The agent later accuses Khadr of using his injuries and emotional state to avoid the interrogation.
"No, you don't care about me," Khadr says.
Khadr also tells his interrogator that he was tortured while at the U.S. military detention center at the Bagram air base in Afghanistan, where he was first detained after his arrest in 2002.
Later on in the tape, a distraught Khadr is seen rocking, his face in his hands.
On the final day, the agent tells Khadr that he was "very disappointed" in Khadr's behavior, and tries to impress upon him that he should cooperate.
Khadr says he wants to go back to Canada.
"There's not anything I can do about that," the agent says.
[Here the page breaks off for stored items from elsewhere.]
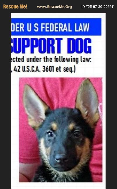 Papers NOT INCLUDED in the fee. Puppy is currently in training as an ESA canine, but can go out as a family pet. Born 5/5/25. Pretty good with house training, great in public, and with all people of all ages. The new family must provide references, ages of household members; if renting, a letter from the landlord saying that you are allowed a dog and proof that your house insurance covers this breed. PREFERENCE will be given to home owners with a fenced yard.
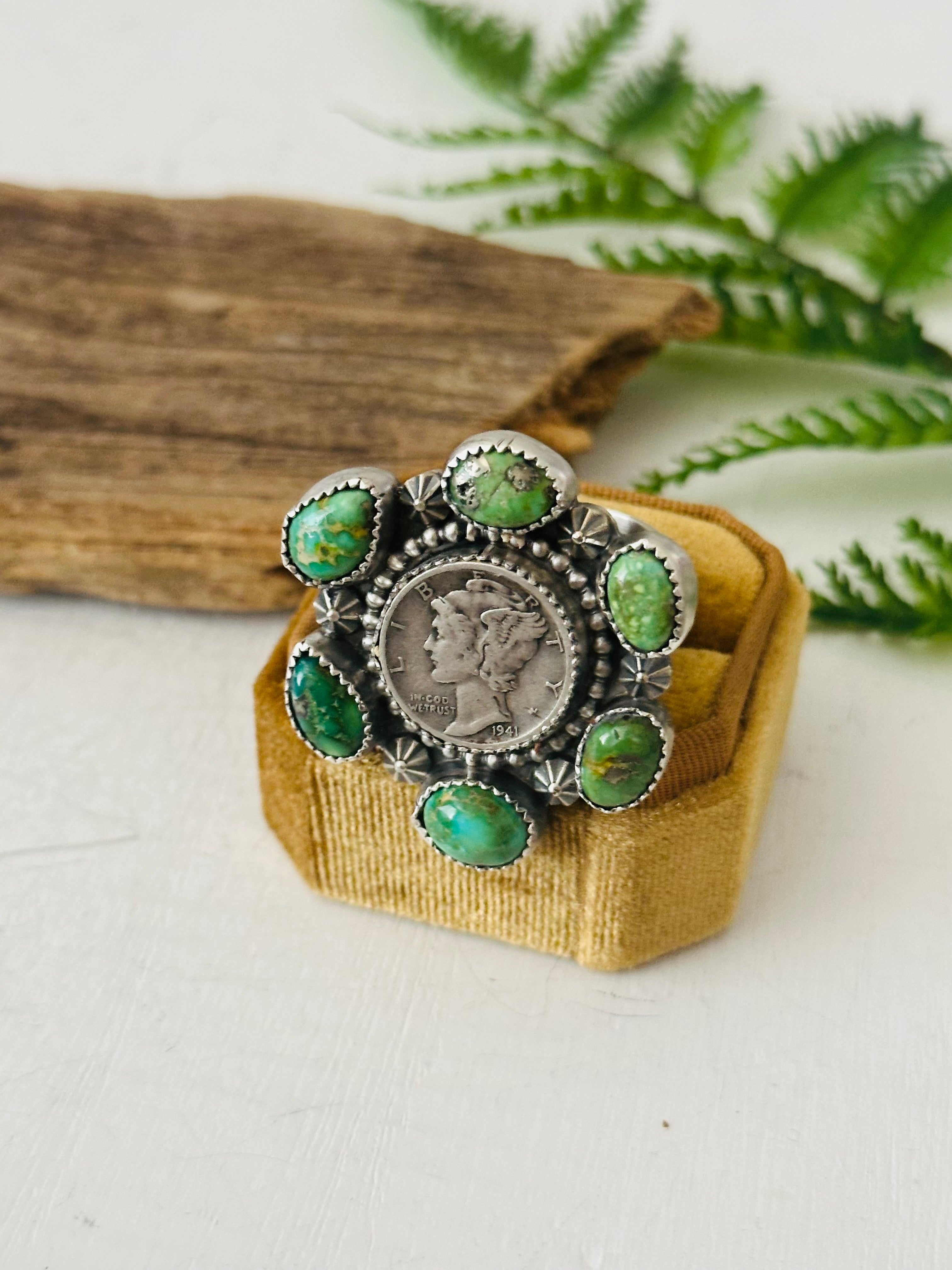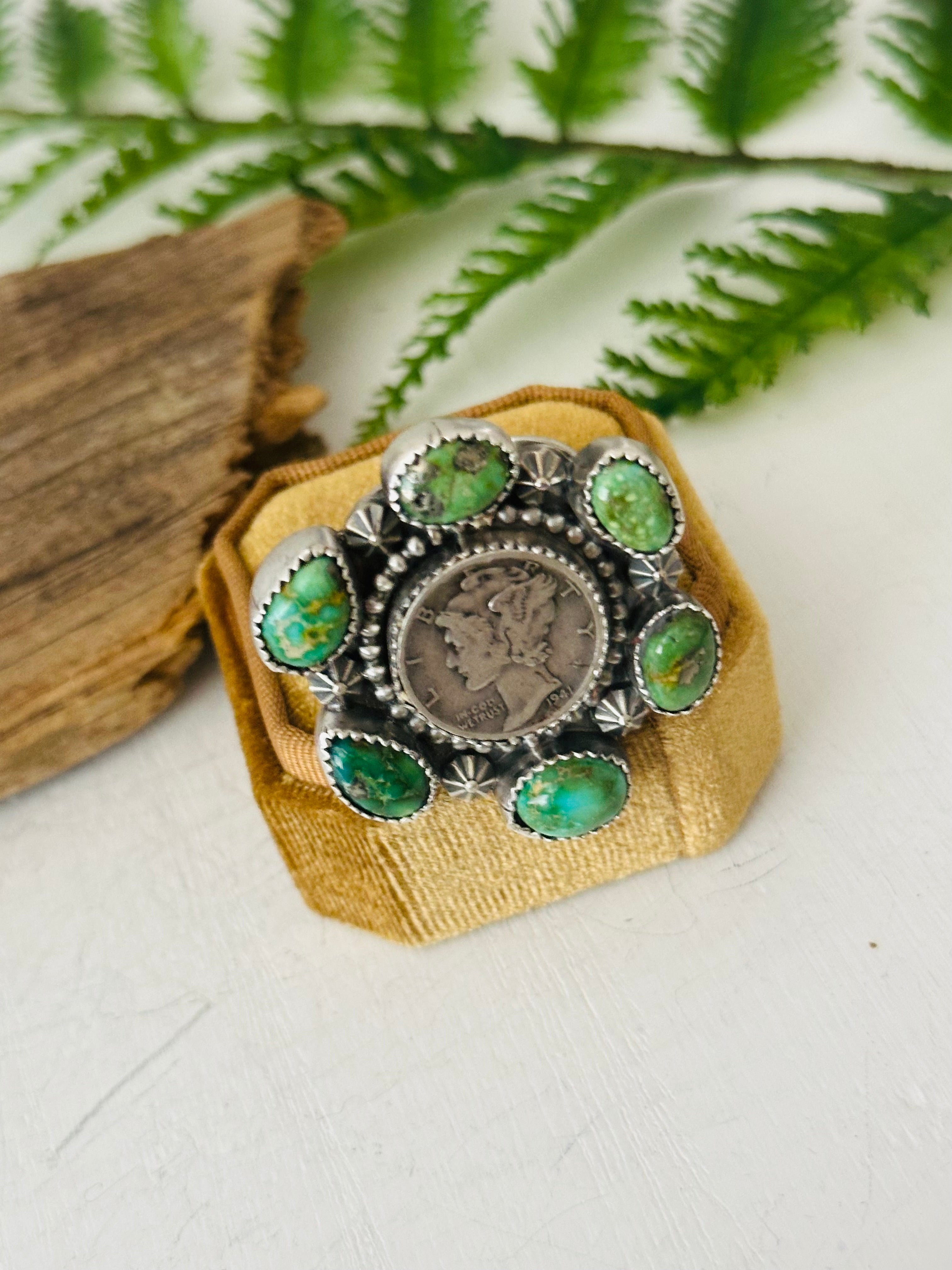 Navajo Made Sonoran Gold Turquoise & Sterling Silver Adjustable Ring. It measures 1 5/8 inches round. Signed by artist and stamped sterling silver.
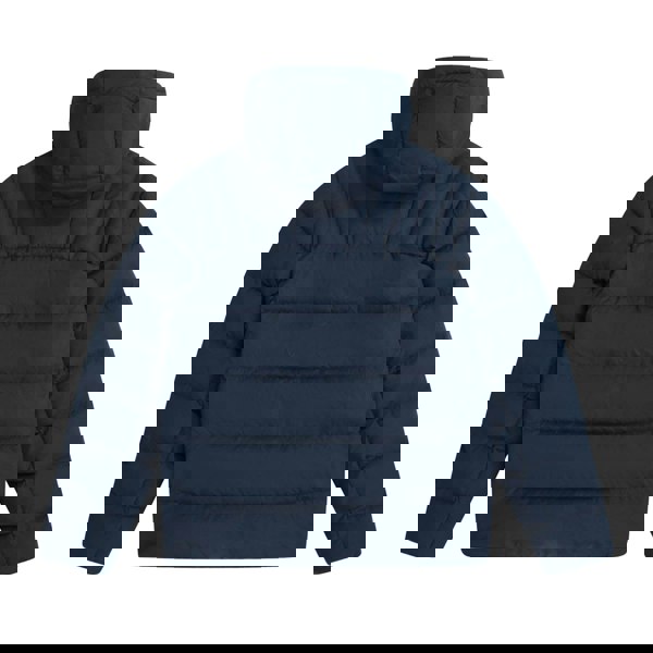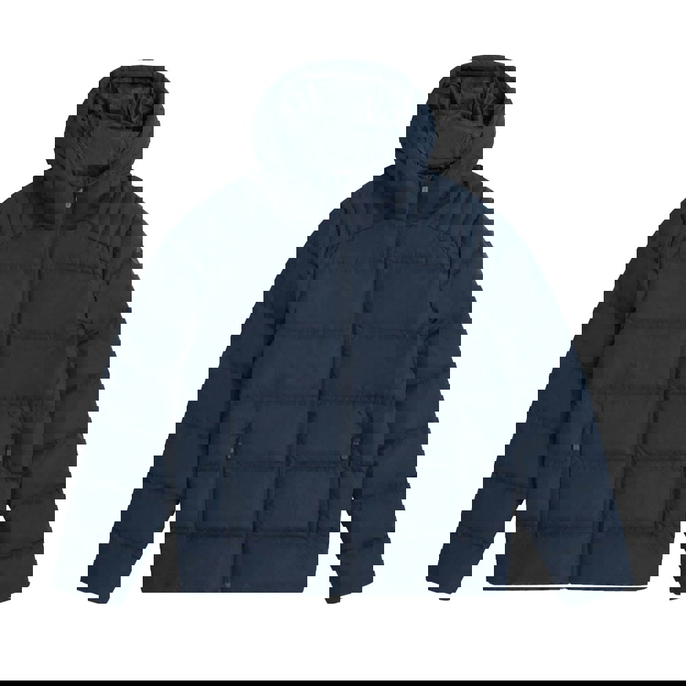 This midweight tech down jacket comes in navy with a logo design and a hooded neckline. An adjustable hood and long sleeves create a practical outer layer for cooler conditions, while heat sealed baffles form a clean, structured finish. The jacket fastens with a full zip and includes two side zip pockets for secure storage.
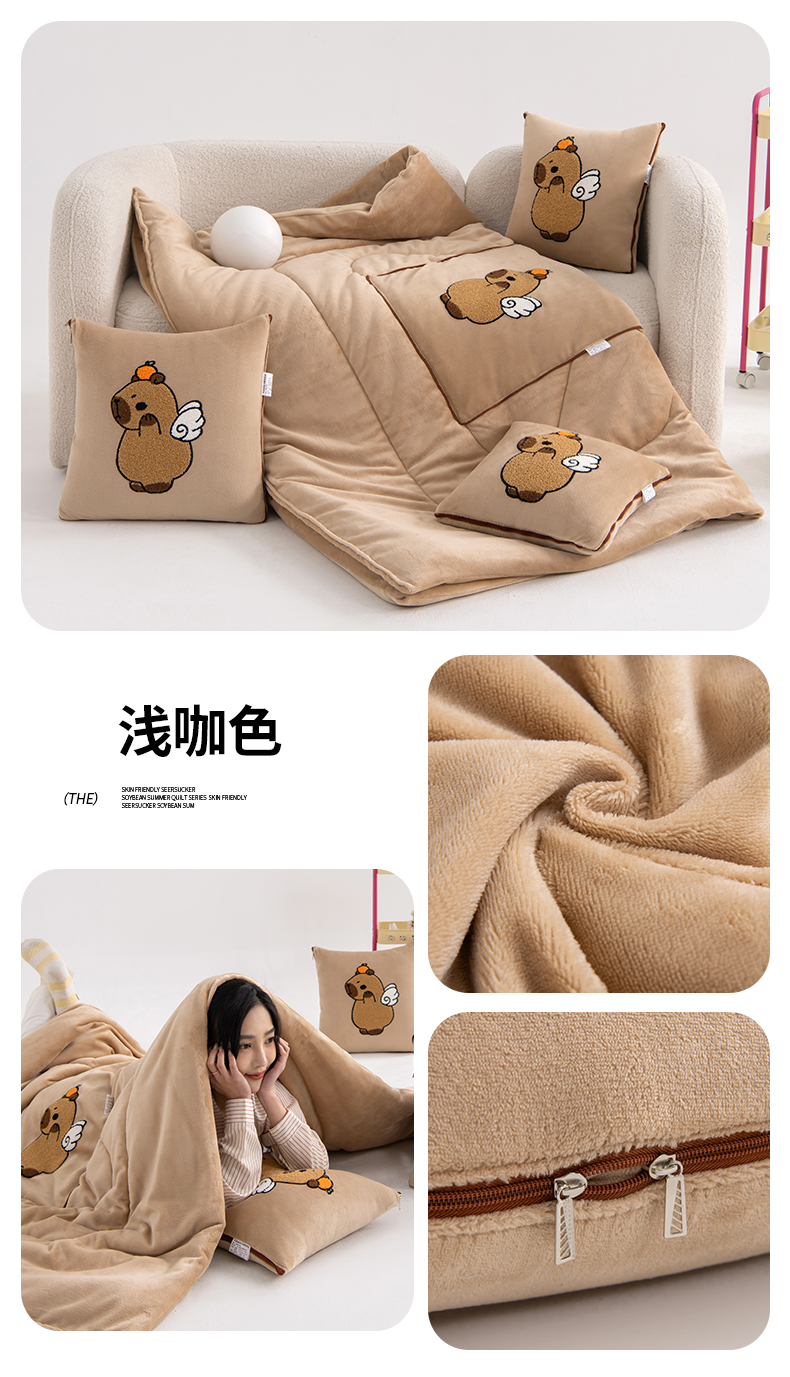 商品名称:宝马家纺(原梦童画)2025新款卡皮巴拉牛奶绒毛巾绣抱枕被 浅咖色
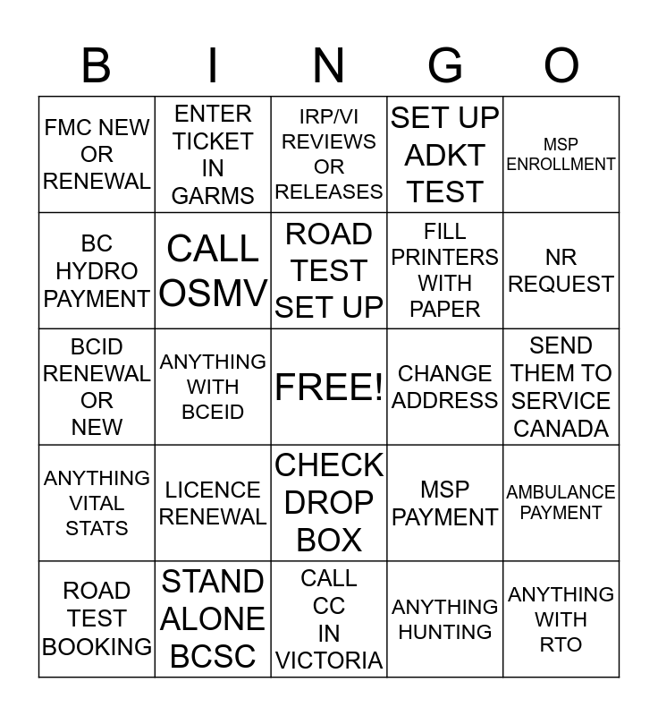 This bingo card has a free space and 24 words: LICENCE RENEWAL, STAND ALONE BCSC, ROAD TEST SET UP, ROAD TEST BOOKING, MSP ENROLLMENT, FMC NEW OR RENEWAL, BC HYDRO PAYMENT, ENTER TICKET IN GARMS, CHANGE ADDRESS, CHECK DROP BOX, FILL PRINTERS WITH PAPER, BCID RENEWAL OR NEW, MSP PAYMENT, AMBULANCE PAYMENT, CALL OSMV, ANYTHING HUNTING, SEND THEM TO SERVICE CANADA, IRP/VI REVIEWS OR RELEASES, NR REQUEST, ANYTHING WITH BCEID, ANYTHING WITH RTO, ANYTHING VITAL STATS, SET UP ADKT TEST and CALL CC IN VICTORIA.
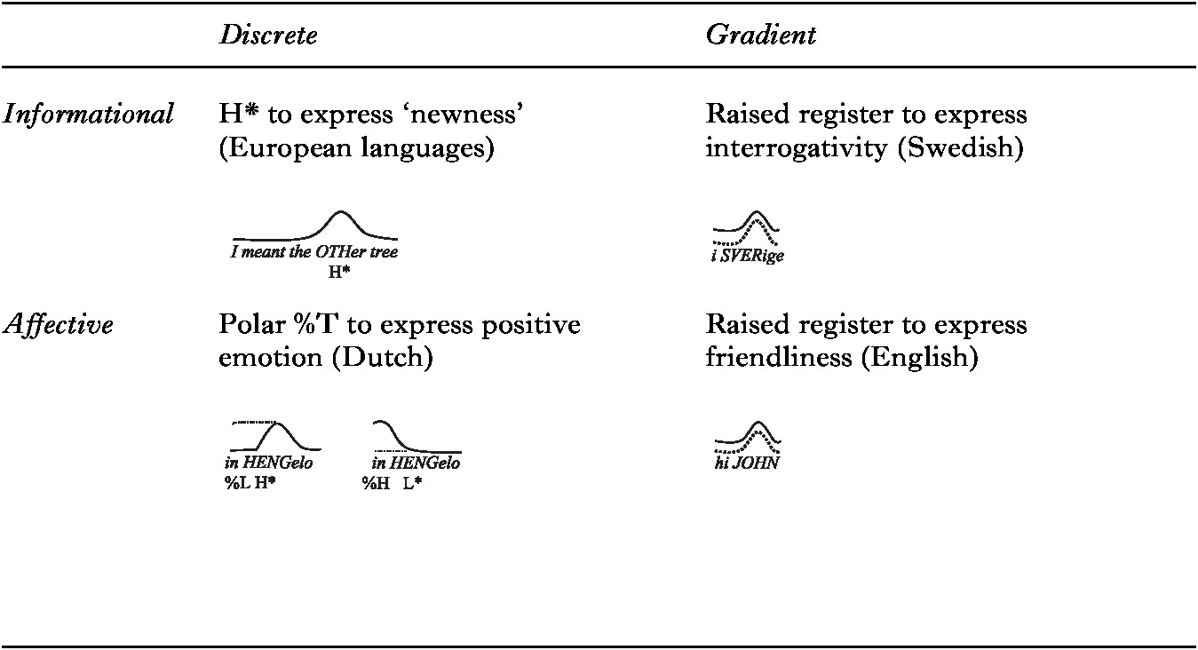 While distinguishing between these two aspects of the speaker’s knowledge of their language’s sound structure is widely seen as a central analytical task (Ladd, Reference Ladd2008 [1996], p. 39; Gussenhoven, Reference Gussenhoven2004, Ch. 5; Prieto, Reference Prieto, Cohn, Fougeron and Huffman2012), this must not lead us to think that discrete features are somehow more central to linguistics than gradient ones, a view that is likely to be bound up with the belief that linguistic meanings are necessarily morphemic, i.e., represented phonologically, and that gradience is reserved for expressing the speaker’s emotions or evaluations in relation to the linguistic message (e.g., Weitz, Reference Weitz1979, p. 94). Intonation research has shown that this position is false. Bruce (Reference Bruce1977, p. 137) found that sentence modalities in Stockholm Swedish involve adjustments of the f0 baseline, implying that the register raising as used for questions is gradient. That is, gradience in intonation is not confined to ‘affective’ meanings (meanings applying to the speaker), and may include ‘informational’ meanings (meanings applying to the message) (Grice & Baumann, Reference Grice, Baumann, Trouvain and Gut2007; Gussenhoven, Reference Gussenhoven2004; Prieto, Reference Prieto2015). In Table 1, ‘informational’ is used for what has also been called ‘logical’, from Monroy (Reference Monroy, Butler, de los Ángeles Gómez González and Doval-Suárez2005), credited to Bally (Reference Bally1935), and, more widely, ‘propositional’ or ‘linguistic’. Unsurprisingly, informational meanings are vastly more likely to be morphemic than affective meanings, as exemplified by widely reported focus-marking functions of pitch accents (e.g., Ladd Reference Ladd2008 [1996], p. 213). Similarly, gradiently expressed affective meanings, like register raising to express a positive disposition to the hearer (Chen, Gussenhoven, & Rietveld, Reference Chen, Gussenhoven and Rietveld2004), is commonplace. But the meaning and form dimensions are ultimately independent: gradient emphasis may occur in languages that lack formal means of encoding focus, just as interrogativity may be expressed gradiently in intonation. As for discretely expressed affective meaning, a claim for a morpheme with affective meaning has been made for a polar boundary tone in Dutch, which expresses positive affective meanings if its value is opposite to the upcoming tone of a pitch accent (Grabe, Gussenhoven, Haan, Marsi, & Post, Reference Grabe, Gussenhoven, Haan, Marsi and Post1998; Gussenhoven, Reference Gussenhoven2004, p. 88) (see Table 1).

Navy Lt. Cmdr. William Kuebler, Khadr's U.S. military lawyer, said the video shows "a frightened boy" who should be permitted to return to Canada. He said Khadr is cooperative at the beginning of the four-day stretch of interviews, because "he believed that if he was cooperative and told them what he thought they wanted to hear that they would take him home."
"So between Day One and Day Two he figures out that that is not going to happen and so you see a very emotional reaction on Day Two when this very scared 16-year-old boy finally figures out that the Canadians aren't going to do anything for him and are going to leave him there. He is devastated," Kuebler said.